8.2.2 engaged in conduct or knowingly placed the child with persons who engaged in conduct which endangers the physical or emotional well-being of the child, pursuant to § 161.001(1)(E) of the Texas Family Code[.] (9)



Statement of Points

As a preliminary matter, DFPS (10) contends that this Court "may not consider [Pool's] issues because none of those issues were specifically presented to the trial court in a timely filed statement of the points as required by [s]ection 263.405 of the [Texas] Family Code." See Tex. Fam. Code Ann. § 263.405 (Vernon Supp. 2006). Because Pool did not timely file a statement of points, we are bound to resolve this appeal on a statutorily mandated basis without addressing the merits of any of the issues Pool raises in his appellate brief.

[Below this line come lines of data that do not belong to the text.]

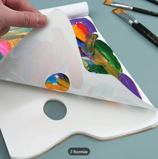 Paletė sudaryta iš lengvai nuplėšiamų baltų sintetinių lapų. Popierius neįgeriantis dažo ir glotnus, todėl lengvai sumaišysit reikiamus dažus.
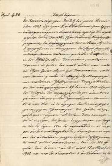 Επιδοτήριο αριθ. 486 κατά παραγγελία του Ιωάννη Γ. Ηλιάκη πληρεξούσιου δικηγόρου του Σαλή Δερμιτζάκη στον Ιβραήμ βέη Τσαουσάκη ως τρίτου της υπό χρονολογία 29 Ιουνίου 1902 αγωγής κατ' αυτού και κατά του έτερου τρίτου Αχμέτ αγά Τσαουσάκη και κατά του Μπιλάλ Αχ. Μπουμπουλάκη, που αφορά οικονομική υπόθεση.
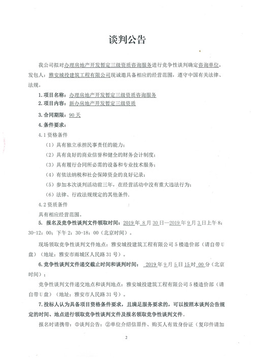 雅安城投建筑工程有限公司辦理房地產(chǎn)開發(fā)暫定三級資質(zhì)咨詢服務競爭性談判公告
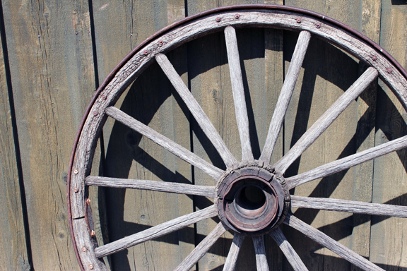{an old wagon wheel at the orchard}
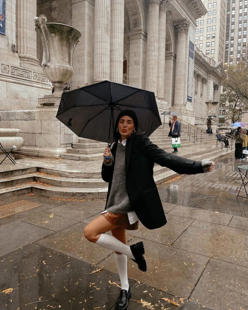 This outfit is such an awesome and fun combination of cute, elegant, and ever so sweet with a pinch of nostalgia glimmering in it. The sweater vest paired over a crisp shirt and paired with this school-inspired outfit is perfect and so trendy on those cold and rainy days. The blazer adds elegance with style, and paired with the mini and knee-high socks, this one’s one of those perfect inspos that make you want to dance under your umbrella in New York City!
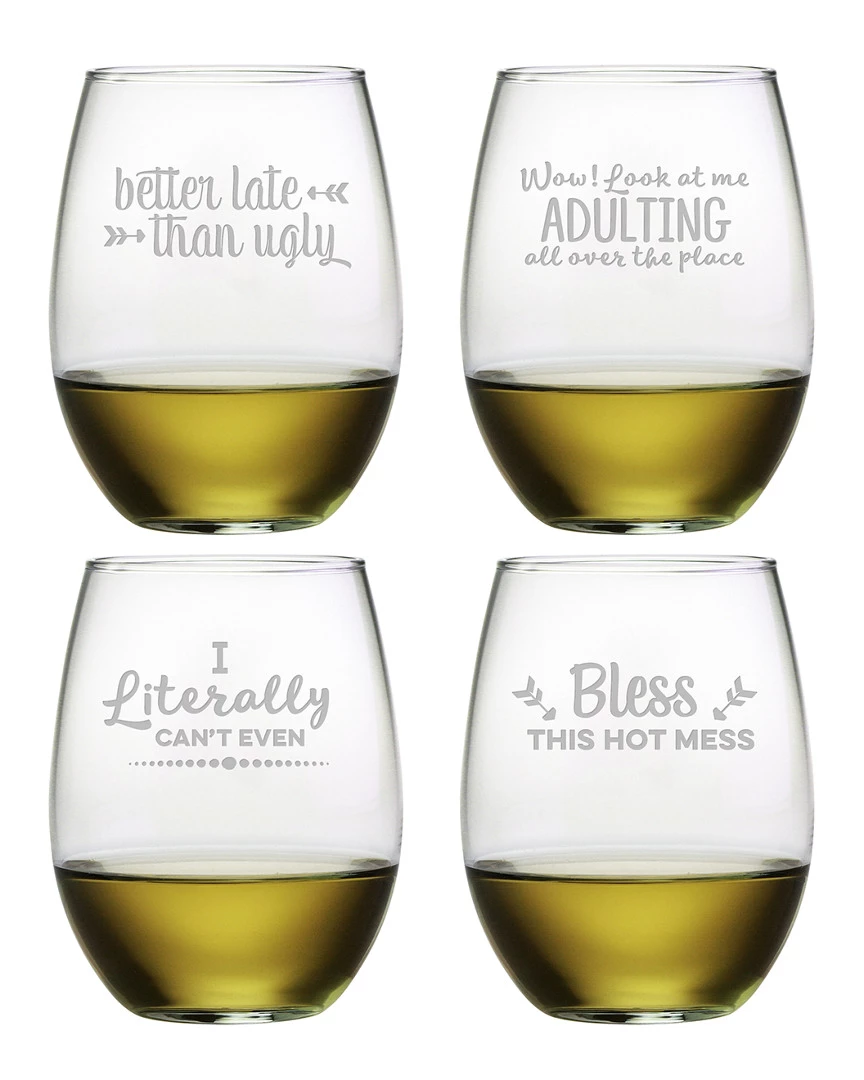 - Versatile enough for water, wine, and juice, each 21-ounce stemless tumbler in this set of four features a different deeply sand etched typographic design. The stemless shape means they’re dishwasher safe and less prone to breakage than their stemmed counterparts. Made and decorated in the USA.
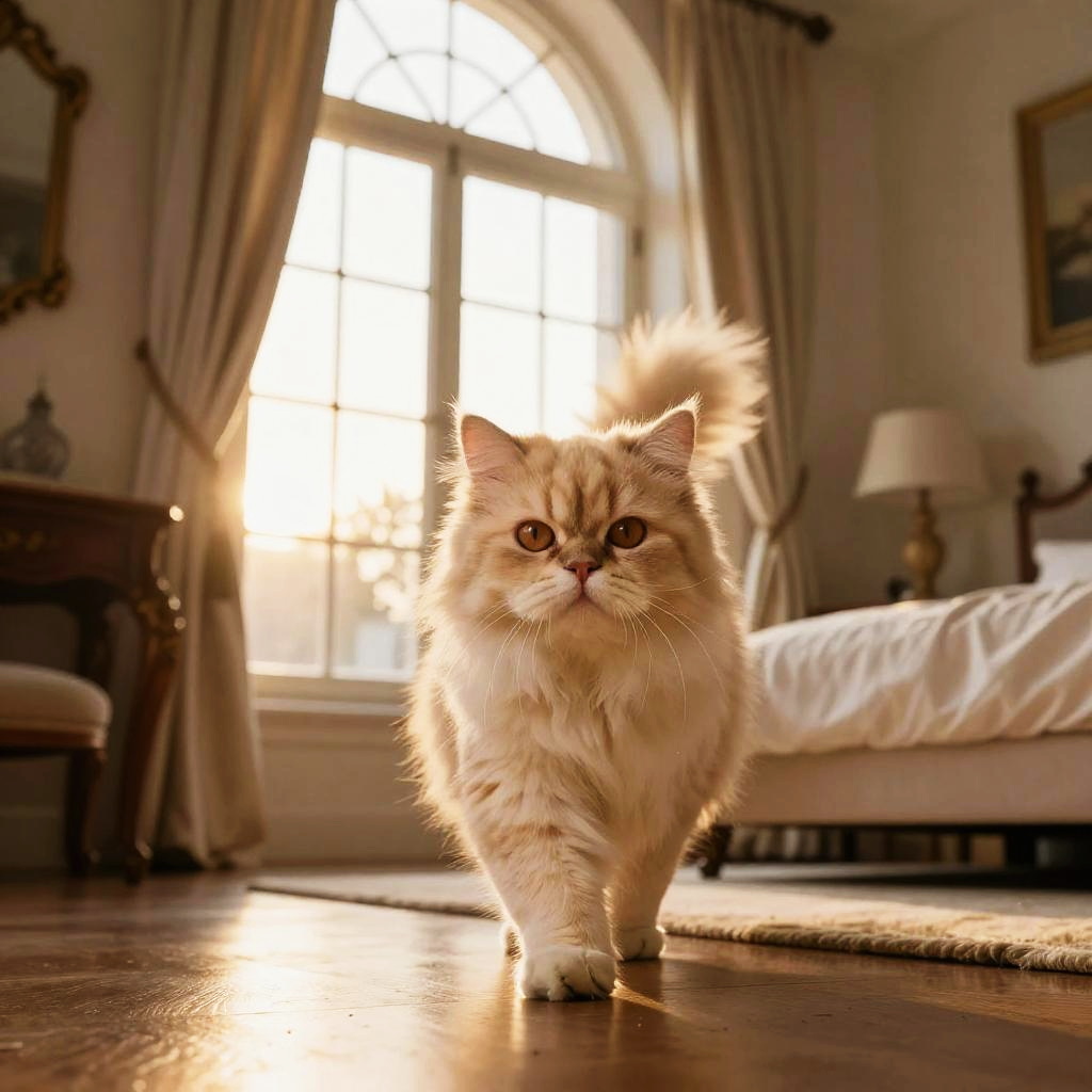 Long-haired cream Persian cat with deep amber eyes confidently walking toward the viewer across elegant bedroom with silk drapes and antique wooden furniture, lit by golden sunset light spilling through large arched windows. Natural textures of fur, fabric, and wood emphasized; inviting and homey atmosphere; shallow depth of field; crisp whiskers; soft vignetting; balanced composition; subtle film grain; realistic color rendering; gentle contrast; fine detail throughout.
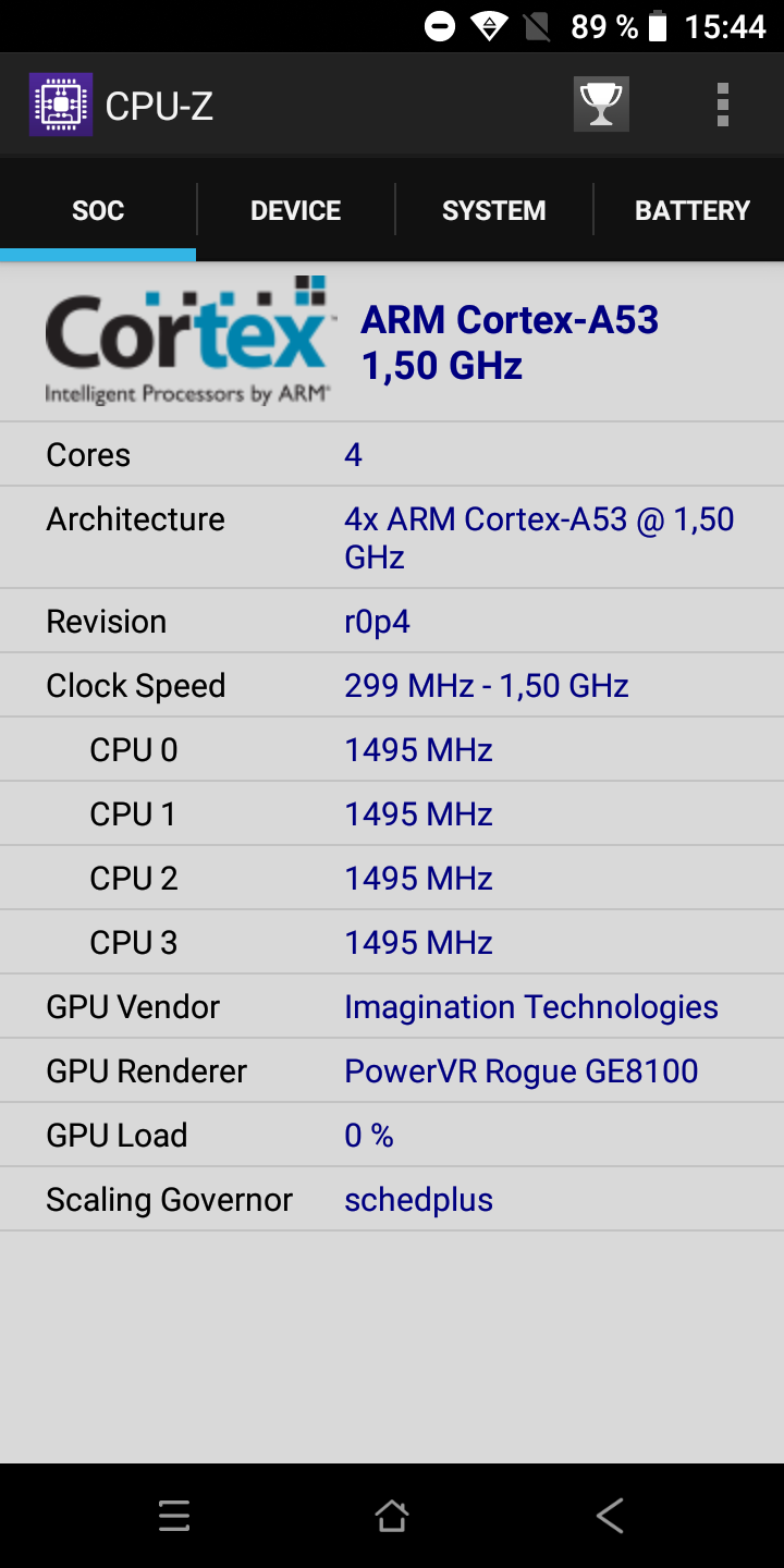 Аппаратная платформа построена на базе бюджетного процессора MediaTek MT6739, тактовая частота ядер которого достигает 1.5 ГГц. В качестве видеоядра применено PowerVR Rogue GE8100. Объем оперативной памяти в 2 Гбайта не поражает воображение, по современным меркам это приемлемый минимум.
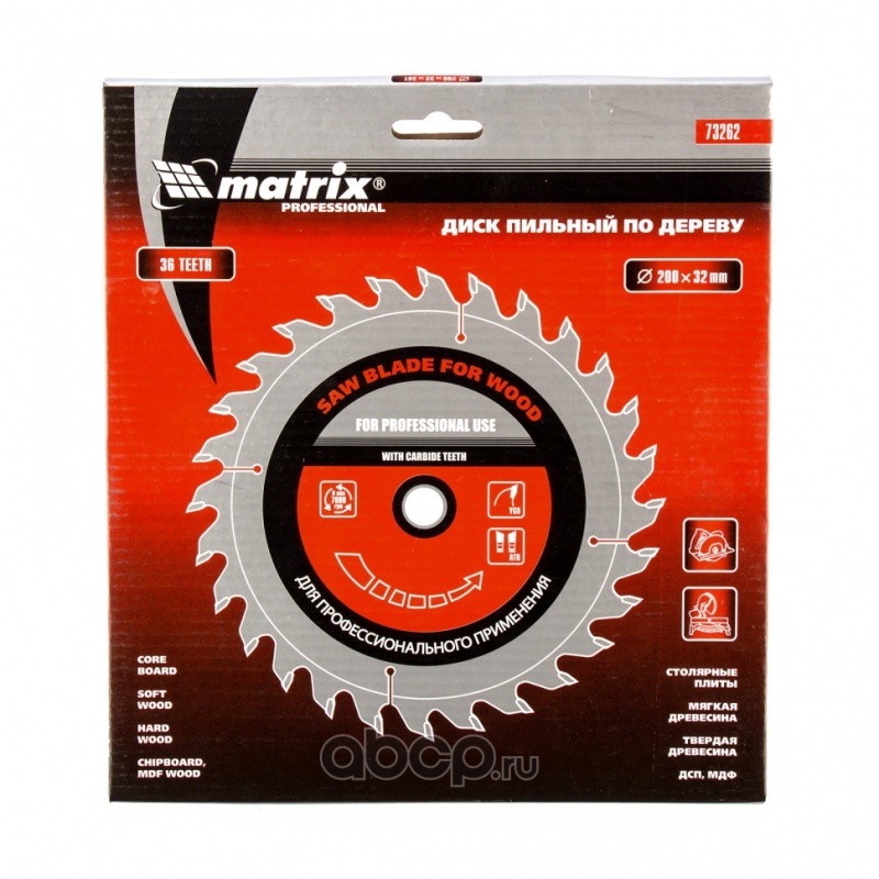 Пильный диск по дереву, 200 х 32 мм, 36 зубьев, кольцо 30/32 Matrix Professional
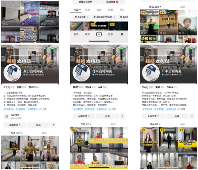 通過精準定位、優質視頻內容、高效垂直運營等等,實現品牌IP化,通過矩陣式的曝光,持續百特品牌熱度,也將重塑傳統經銷商的新格局,賦能發展瓷磚抖音線上營銷渠道。
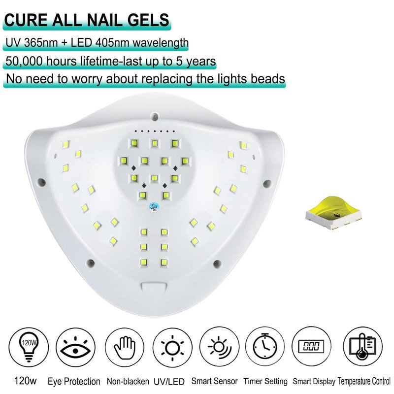- 【120W UV LED Nail Lamp】Powerfully and Efficiently, 120W High Power LED nail lamp has 36 quality LEDS that can maximally save your 80% curing time. 4 Timer Settings-10S/30S/60S/99S durable and easy to use.(Boot default 120S)Innovative painless low heat, makes you feel comfortable during curing nails. It can perfectly cure all kinds of UV/LED based gel products, no worry for curing hard gel/builder. With smart auto sensor and screen also allows you to see the timer clearly.
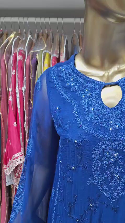 Dive into elegance with this royal blue ensemble, paired with an ocean-inspired dupatta. From deep blues to aqua greens — this outfit brings the beauty of the sea to your wardrobe.
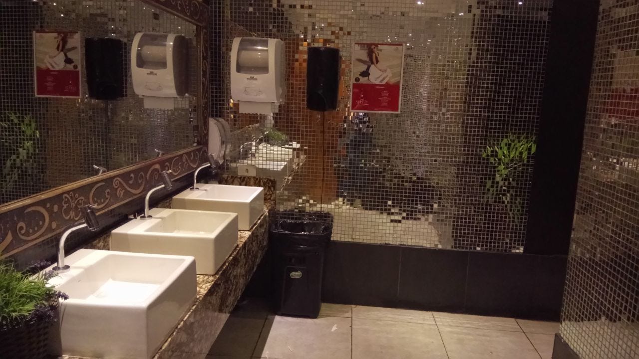 ninguém menciona que, naquele momento, eu pensei que poderia simplesmente lavar as mãos e sair. ninguém menciona que a maioria das mulheres já esteve naquele banheiro, mesmo que em outro endereço.
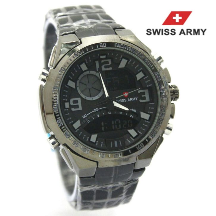 Swiss Army SA7307M Jam tangan Pria Dual Time Stainless Steel
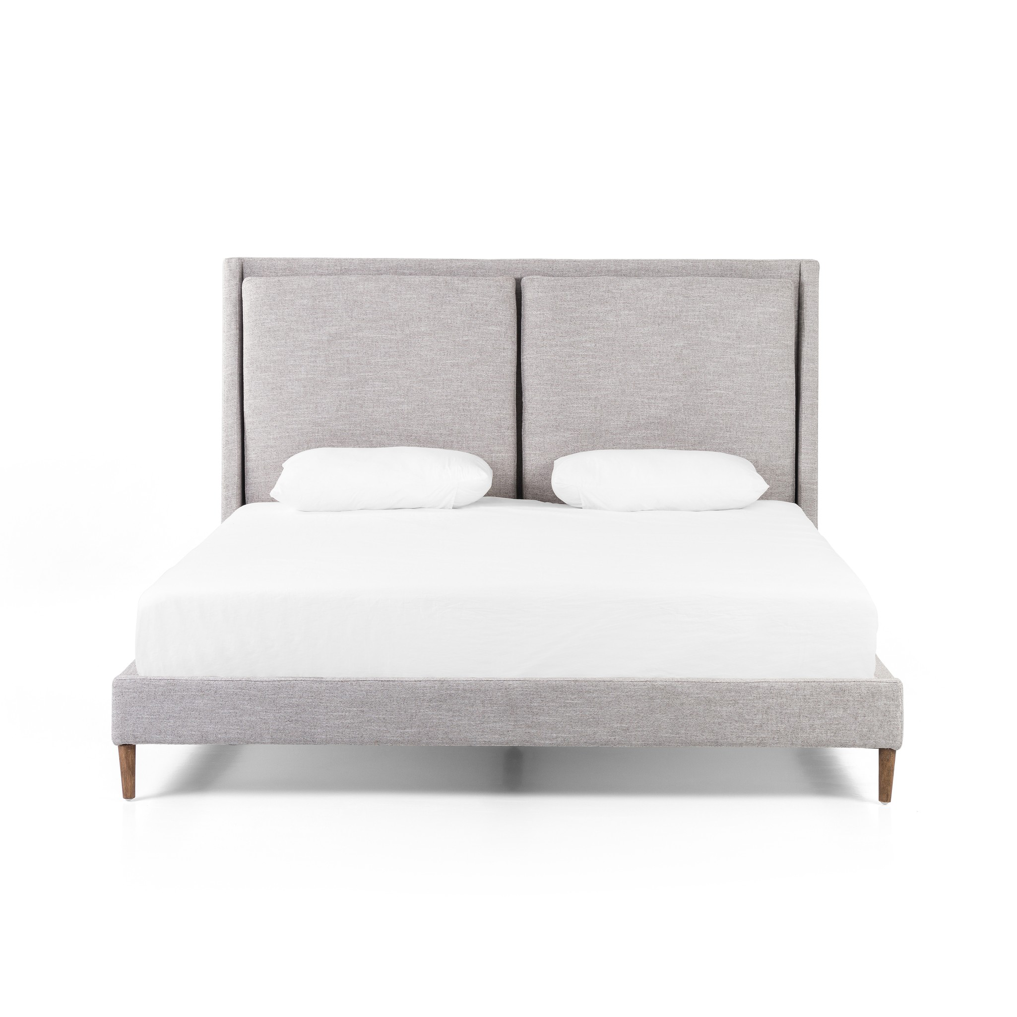 Featuring Potter Manor Grey Bed by Four Hands at Amethyst Home. Light, livable luxury. Upholstered in a grey synthetic-blend, a tapered headboard features fixed overscale pillows, for a calming look with great depth. Wire-brushed parawood legs lend a warm, natural finishing touch. Performance fabrics are specially created to withstand spills, stains, high t. Amethyst Home provides interior design, new home construction design consulting, vintage area rugs, and lighting in the Charlotte metro area.
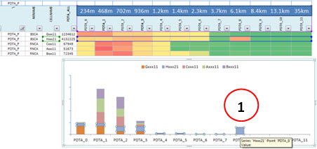 Filtering only for the contribution (‘PDTA_P’) of each cell, we can see clearly that a sector (Hxxx21) is with its coverage beyond the expected (1).
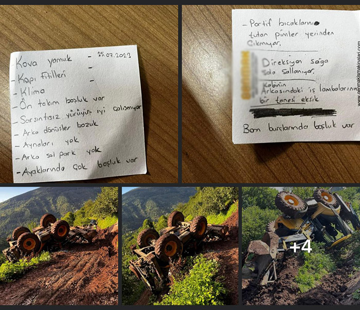 Çamlıcada çalışan mevcut makinayı alıp bana arızalı bi makina verdiler. Makinanın arızalarını defalarca dile getirsemde ilgilenmediler ve Bakacak mevkinde seyir halindeyken makinanın ön defransiyalini tutan pim yerinden çıktı kaza yapıyordum makinayı zar zor kontrol altına aldım.
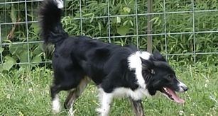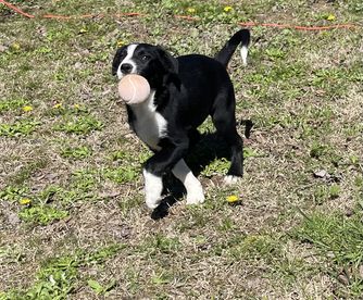 Bailey is a cute black and white female border collie with a high herding drive and instinct. She has been started on livestock and is registered with the American Border Collie Association. Bailey has been health tested and is genetically clear.
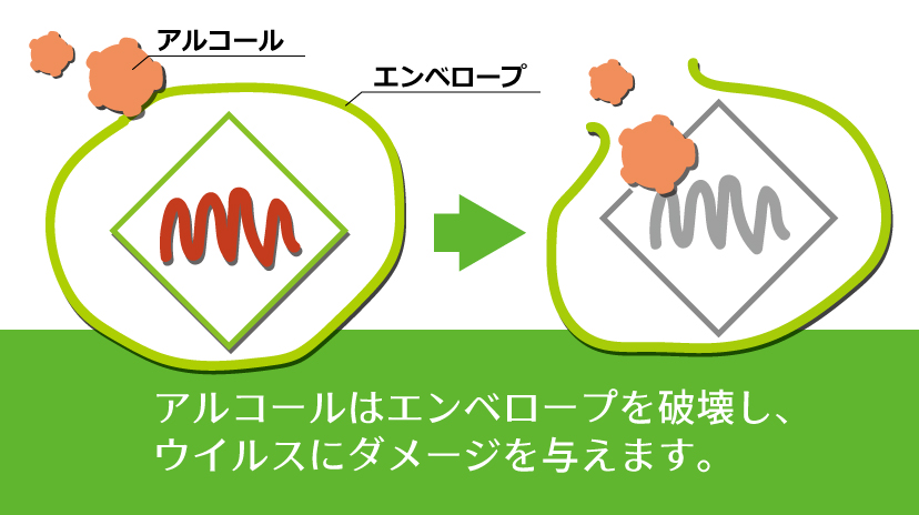 アルコール系除菌剤での拭き取り」を行った結果、 インフルエンザウイルスが99.99%以上死滅!!ジョンソン株式会社。
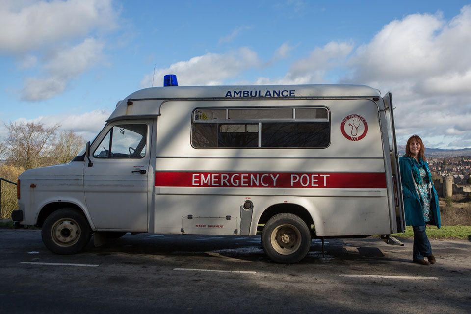As the Emergency Poet, Deborah offers consultations inside her vintage ambulance, prescribing poems as cures. Deborah’s submission, ‘Poetry on Prescription: The Emergency Poet’, pictures her standing next to her 1970s ambulance.
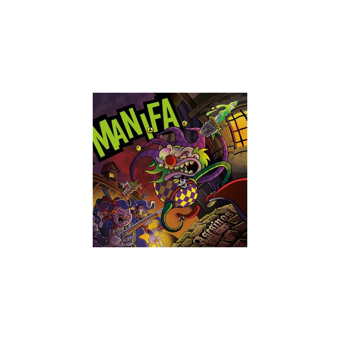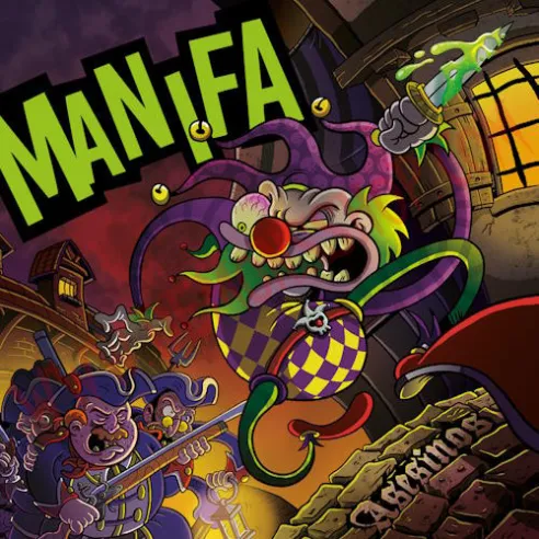 Vuelven los bufones que traen al reino las peores noticias, dispuestos a asesinar el rock and roll. Porque si este reino necesita monstruos, Manifa con gusto serán los vuestros. Mientras grita todo el populacho “que los cuelguen”, a ellos les da igual, están aquí para cumplir su misión: asesinar el rock and roll.

See In re D.A.R., 201 S.W.3d 229, 231 (Tex. App.--Fort Worth 2006, no pet.); In re E.A.R., 201 S.W.3d 813, 813-14 (Tex. App.--Waco 2006, no pet.); In re S.E., 203 S.W.3d 14, 15 (Tex. App.--San Antonio 2006, no pet.).

Section 263.405(b) of the Texas Family Code requires an appellant to file, not later than the 15th day after the date a final termination order is signed, "a statement of the point or points on which the party intends to appeal." Tex. Fam. Code Ann. § 263.405(b) (Vernon Supp. 2006). This statement of points may also be combined with a motion for new trial. Id. The record before us contains no statement of points on appeal, either standing alone or combined with a motion for new trial.

The Legislature added a new subsection to section 263.405, effective for appeals filed after September 1, 2005, which states:

The appellate court may not consider any issue that was not specifically presented to the trial court in a timely filed statement of the points on which the party intends to appeal or in a statement combined with a motion for new trial. For purposes of this subsection, a claim that a judicial decision is contrary to the evidence or that the evidence is factually or legally insufficient is not sufficiently specific to preserve an issue for appeal.



Id. § 263.405(i) (Vernon Supp. 2006).

Here, the decree was signed on October 24, 2005, and the notice of appeal was filed on November 28, 2005. Thus, section 263.405(i) applies to this appeal. When no statement of points exists, under the express terms of the statute, there is no contention of error that can be raised that we may consider on appeal. Id. Accordingly, we hold that we cannot consider the issues concerning the sufficiency of the evidence supporting the termination decree under section 161.001(1)(D)-(E)

that Pool attempts to raise in his brief. (11)

In his motion for rehearing, appellant generally contends that our holding precludes him from asserting his "right to appeal the judgment of the trial court terminating his parental rights." He notes that his appellate counsel was not appointed to represent him until after the deadline for filing a statement of points had passed. Appellant also notes that his trial counsel did not file a statement of points or a new trial motion.